- [SUPPLIED DATA]
___
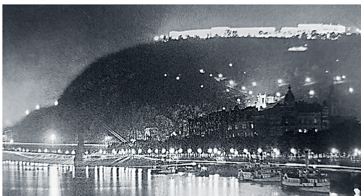
2. kép: Budapest (a Citadella és a Szent Gellért-szobor) díszvilágításban 1929-ben

A megrendelések teljesítése érdekében a kapacitásokat is bővítették. A termelési és az azt kiszolgáló erőforrások fokozása erőteljesebb kooperációt követelt meg a gazdasági szereplőktől. Miközben a háborúban az ország ipari körzetei, infrastruktúrája célponttá váltak, az igények az egekbe szöktek. Ilyen körülmények között a károk és az áldozatok számának csökkentése érdekében hozott elsötétítési intézkedéseket és a biztonságot mint két ellentétes elvet csak az életvédelem mint közös cél volt képes egyesíteni. Ezért a hatékony kivitelezéshez észszerű, racionális, mérnöki megoldásra volt szükség. Még akkor is, ha a gazdasági szereplők és döntéshozók abban voltak érdekeltek, hogy csak annyi fény legyen, ami a termeléshez és a privát élethez ténylegesen nélkülözhetetlen. Olyan korban történt ez, amikor az elektromos világítás már széles körben teret hódított (2. kép).
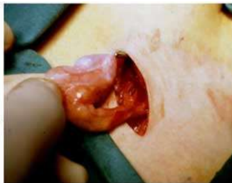
Il testicolo viene preso con uno strumento e portato nella sua sede scrotale
___
- [WORK TASK] Drop the pictures and reproduce the rest of the data above exactly.

- [TASK OUTPUT]
2. kép: Budapest (a Citadella és a Szent Gellért-szobor) díszvilágításban 1929-ben

A megrendelések teljesítése érdekében a kapacitásokat is bővítették. A termelési és az azt kiszolgáló erőforrások fokozása erőteljesebb kooperációt követelt meg a gazdasági szereplőktől. Miközben a háborúban az ország ipari körzetei, infrastruktúrája célponttá váltak, az igények az egekbe szöktek. Ilyen körülmények között a károk és az áldozatok számának csökkentése érdekében hozott elsötétítési intézkedéseket és a biztonságot mint két ellentétes elvet csak az életvédelem mint közös cél volt képes egyesíteni. Ezért a hatékony kivitelezéshez észszerű, racionális, mérnöki megoldásra volt szükség. Még akkor is, ha a gazdasági szereplők és döntéshozók abban voltak érdekeltek, hogy csak annyi fény legyen, ami a termeléshez és a privát élethez ténylegesen nélkülözhetetlen. Olyan korban történt ez, amikor az elektromos világítás már széles körben teret hódított (2. kép).
Il testicolo viene preso con uno strumento e portato nella sua sede scrotale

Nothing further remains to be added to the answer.